● **EXERCISE GOAL**
For each record below, set it down exactly but leave out any picture.

● **SOURCE DATA**
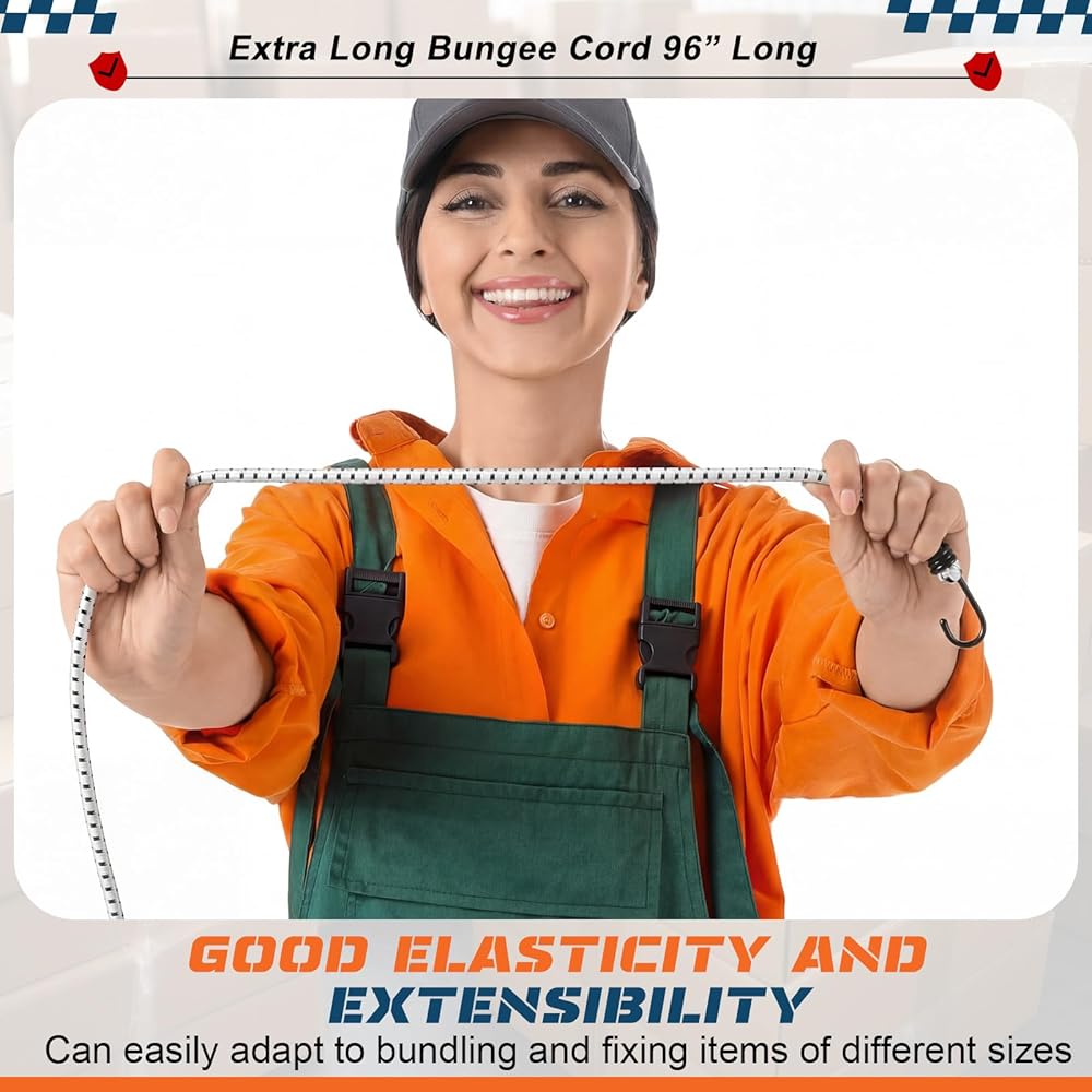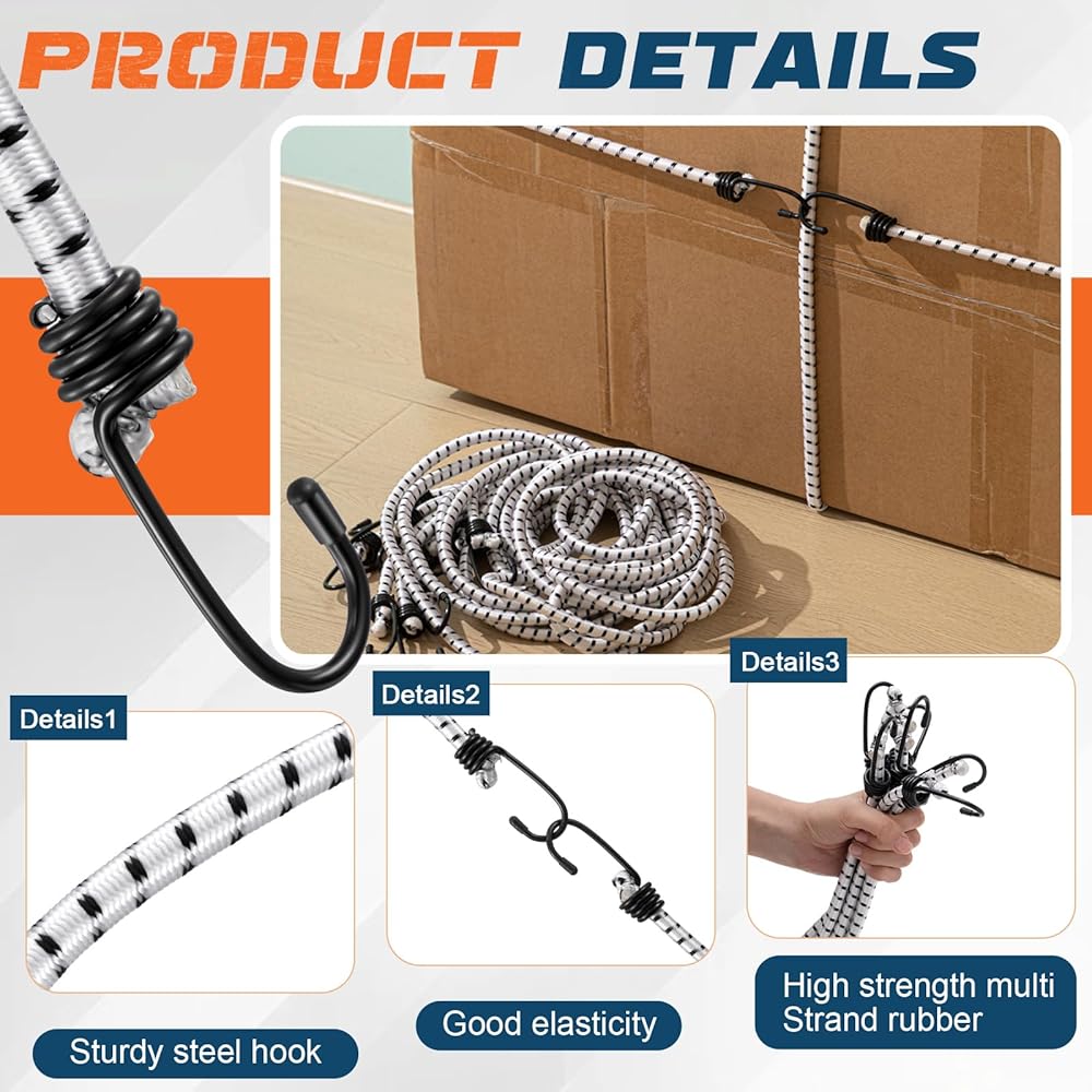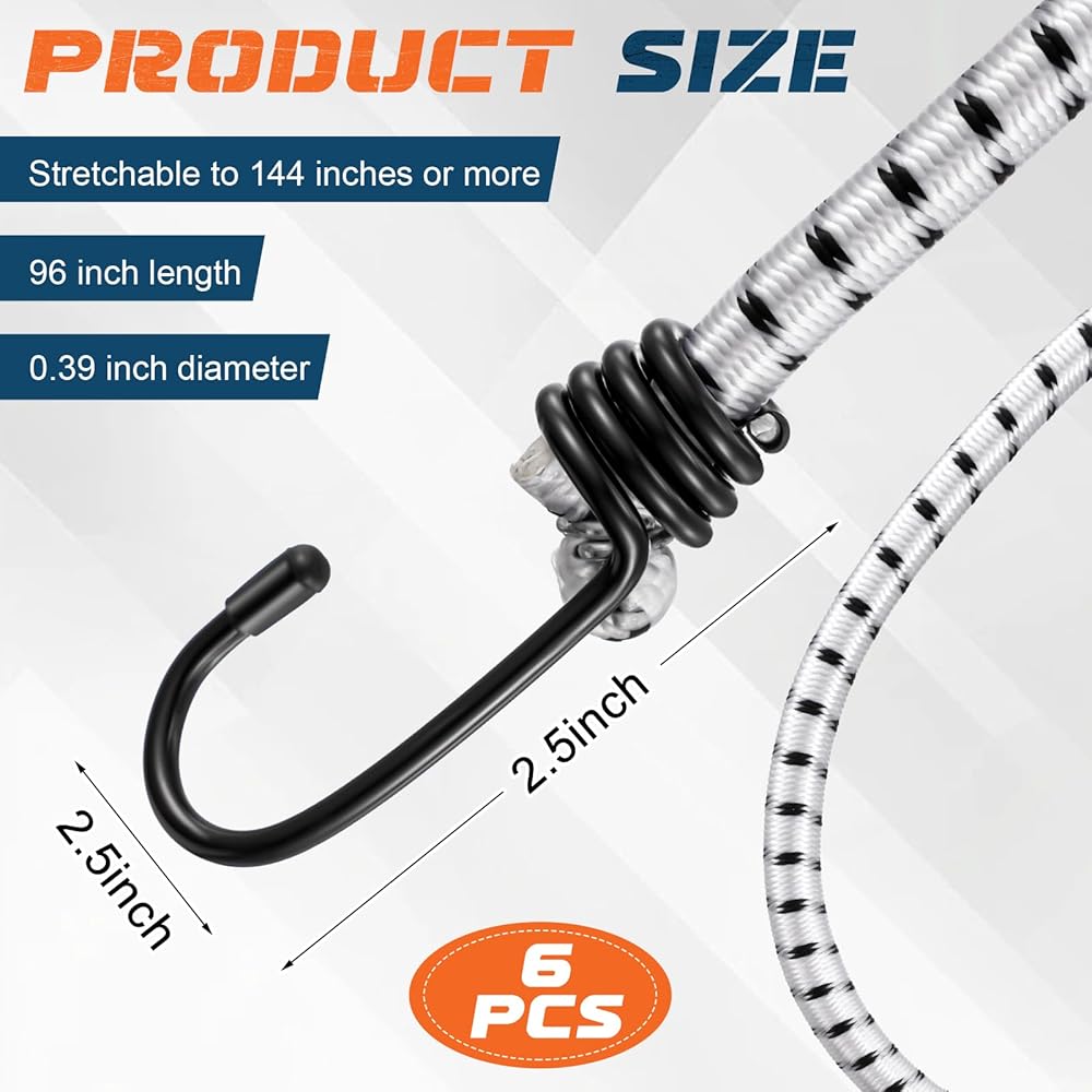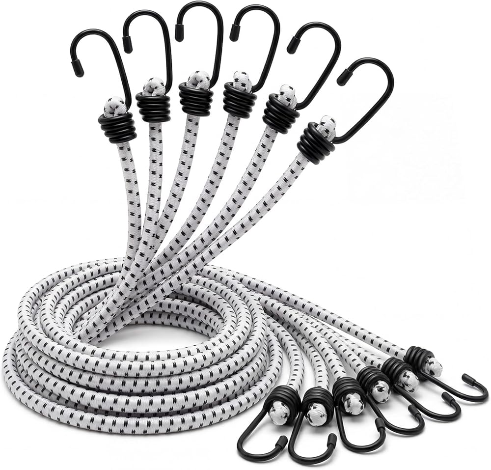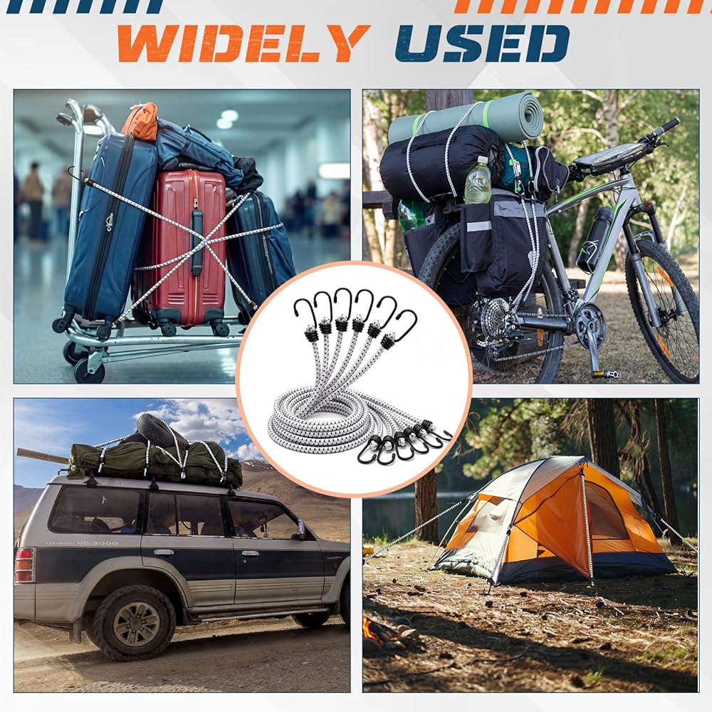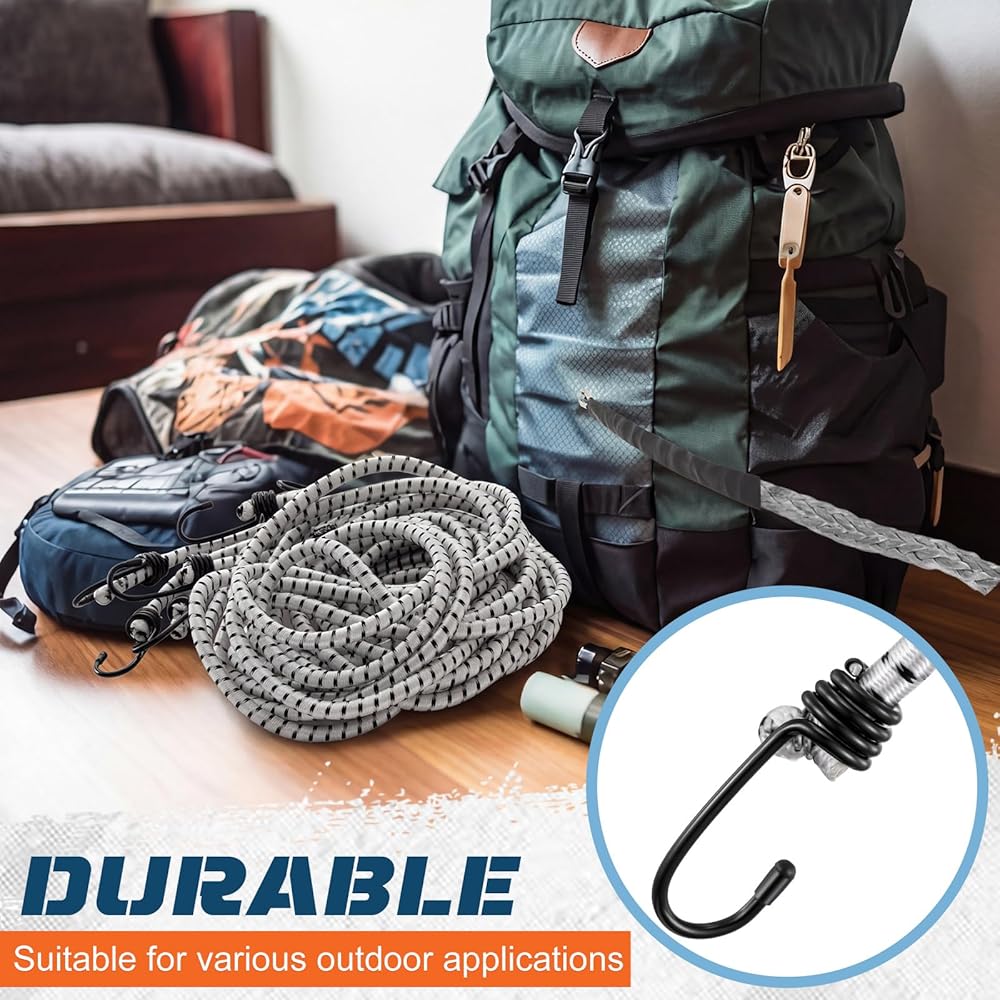 Suitable for securing gear on vehicles like bikes, ATVs, or RVs, the large bungee cords with hooks also shine in camping setups, tarp fastening, and even indoor organization.
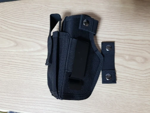 Заказывали две кобуры, одну с кармашком для патронов, другую без. На две кобуры один зажим, и то мягче чем хотелось бы, но это зависит от производителя. Плюс в той кобуре, что без кармашка, внутренняя ткань не такая как снаружи, больше похоже на мягкий флис, думаю это уменьшает срок службы. Из-за зажима открыли спор, продавец вернул 50% без проблем. Нам есть с чем сравнить, поэтому довольны не совсем на 100%, но по описанию все ок.
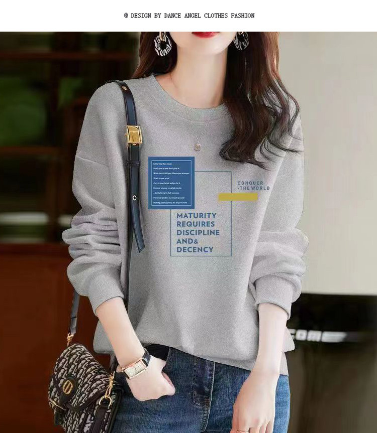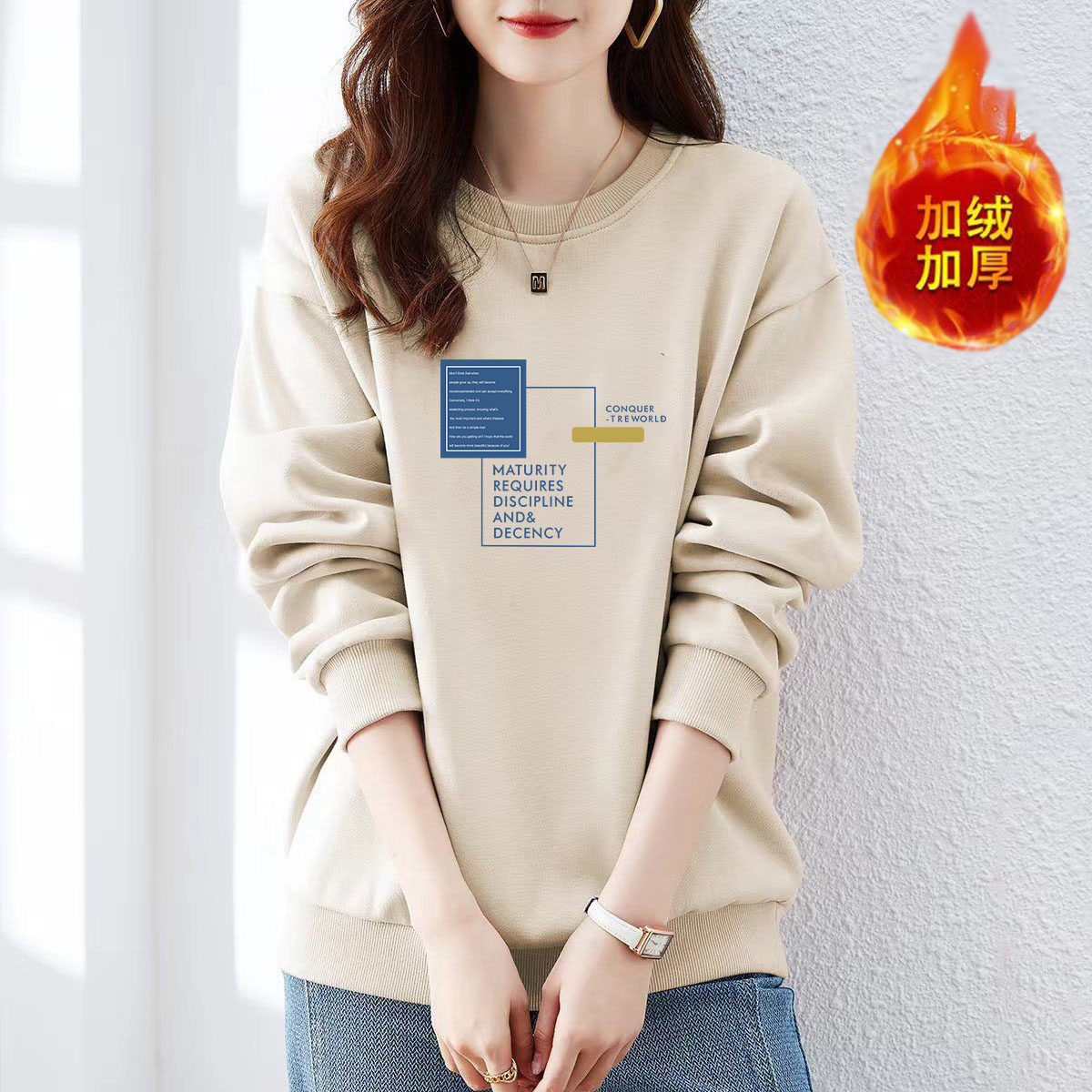 纯棉圆领卫衣女薄款韩版设计感印花百搭套头长袖体恤加绒加厚上衣
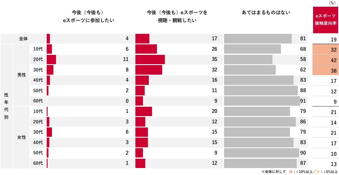 今後の接触意向について「参加」が4%、「視聴・観戦」が17%だった。「あてはまるものはない(81%)」を除いた接触意向率は19%となっており、これまでに接触経験があると回答した16%(接触率)から、3ポイントの増加に留まった。
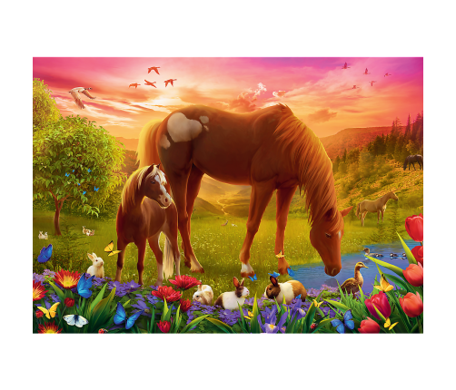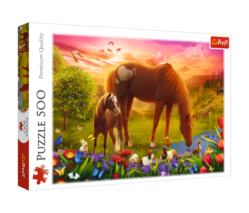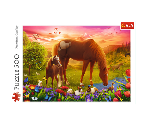 A 500-piece puzzle depicting grazing horses at sunset.
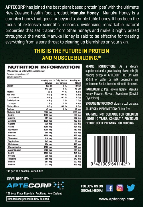Aptecorp have joined the best plant based protein ‘pea’ with the ultimate New Zealand health food product Manuka Honey. Manuka Honey is a complex honey that goes far beyond a simple table honey.
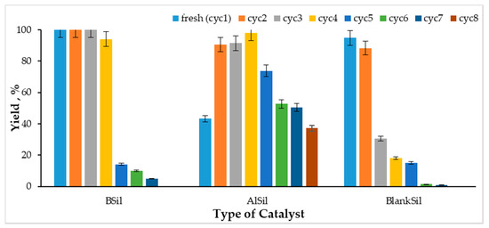 The efficiency of the esterification reaction was tested after eight cycles of catalyst use. As shown in Figure 6, BSil maintained its high ability to catalyze the reaction for four cycles, providing almost 100% yield of the product, while BlankSil was highly active only in two cycles. Surprisingly, the AlSil matrix was active for all eight cycles, where the reaction efficiency increased with repeated use. Ultrasonic processing probably caused grinding of the sol–gel powder particles, thus increasing the surface area of the catalyst and providing better contact between the reagents and the catalyst.
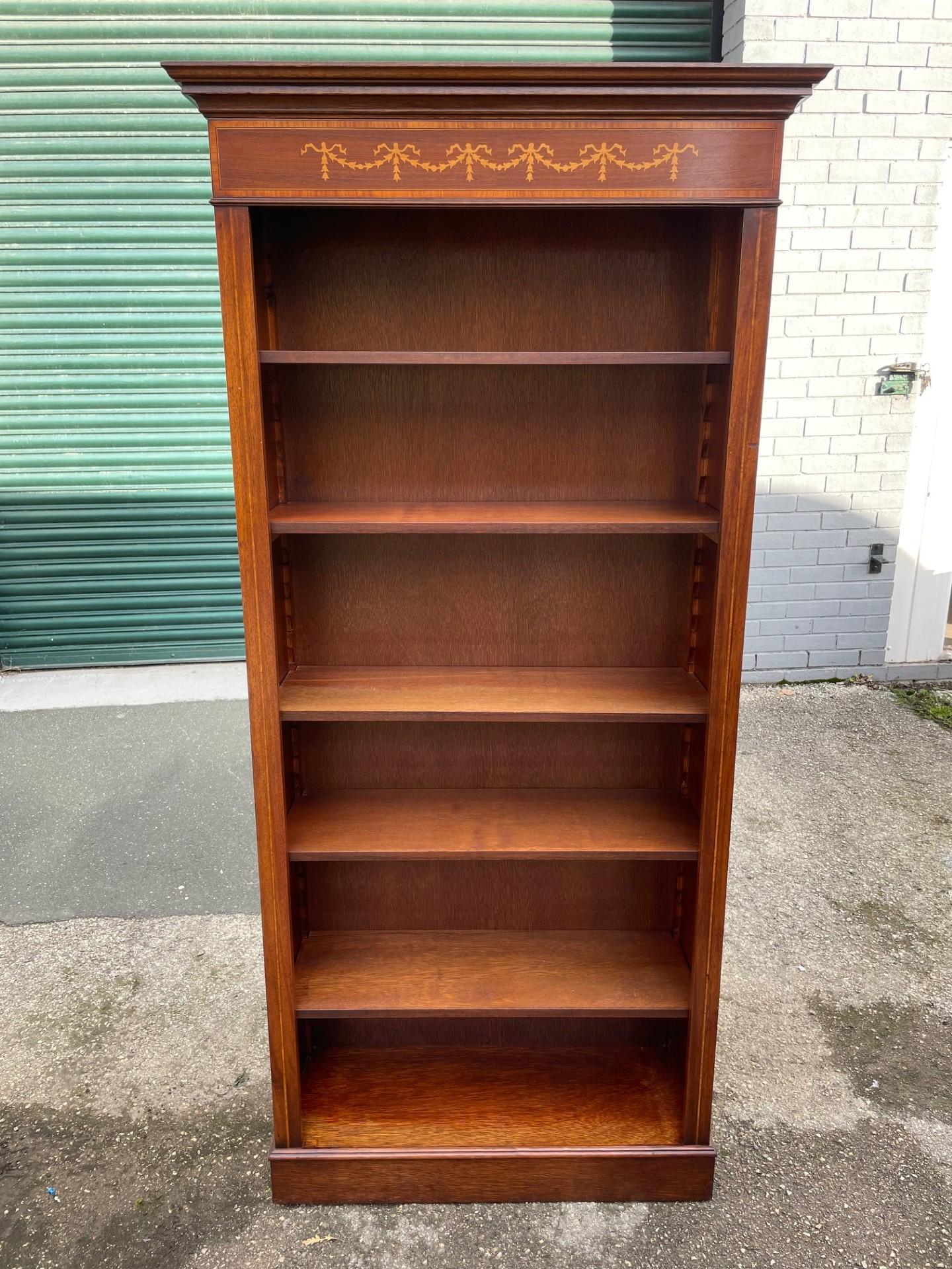 Quality Tall Inlaid Mahogany Open Library Bookcase

● **RESULT OF THE TASK**
 Suitable for securing gear on vehicles like bikes, ATVs, or RVs, the large bungee cords with hooks also shine in camping setups, tarp fastening, and even indoor organization.
 Заказывали две кобуры, одну с кармашком для патронов, другую без. На две кобуры один зажим, и то мягче чем хотелось бы, но это зависит от производителя. Плюс в той кобуре, что без кармашка, внутренняя ткань не такая как снаружи, больше похоже на мягкий флис, думаю это уменьшает срок службы. Из-за зажима открыли спор, продавец вернул 50% без проблем. Нам есть с чем сравнить, поэтому довольны не совсем на 100%, но по описанию все ок.
 纯棉圆领卫衣女薄款韩版设计感印花百搭套头长袖体恤加绒加厚上衣
 今後の接触意向について「参加」が4%、「視聴・観戦」が17%だった。「あてはまるものはない(81%)」を除いた接触意向率は19%となっており、これまでに接触経験があると回答した16%(接触率)から、3ポイントの増加に留まった。
 A 500-piece puzzle depicting grazing horses at sunset.
Aptecorp have joined the best plant based protein ‘pea’ with the ultimate New Zealand health food product Manuka Honey. Manuka Honey is a complex honey that goes far beyond a simple table honey.
 The efficiency of the esterification reaction was tested after eight cycles of catalyst use. As shown in Figure 6, BSil maintained its high ability to catalyze the reaction for four cycles, providing almost 100% yield of the product, while BlankSil was highly active only in two cycles. Surprisingly, the AlSil matrix was active for all eight cycles, where the reaction efficiency increased with repeated use. Ultrasonic processing probably caused grinding of the sol–gel powder particles, thus increasing the surface area of the catalyst and providing better contact between the reagents and the catalyst.
 Quality Tall Inlaid Mahogany Open Library Bookcase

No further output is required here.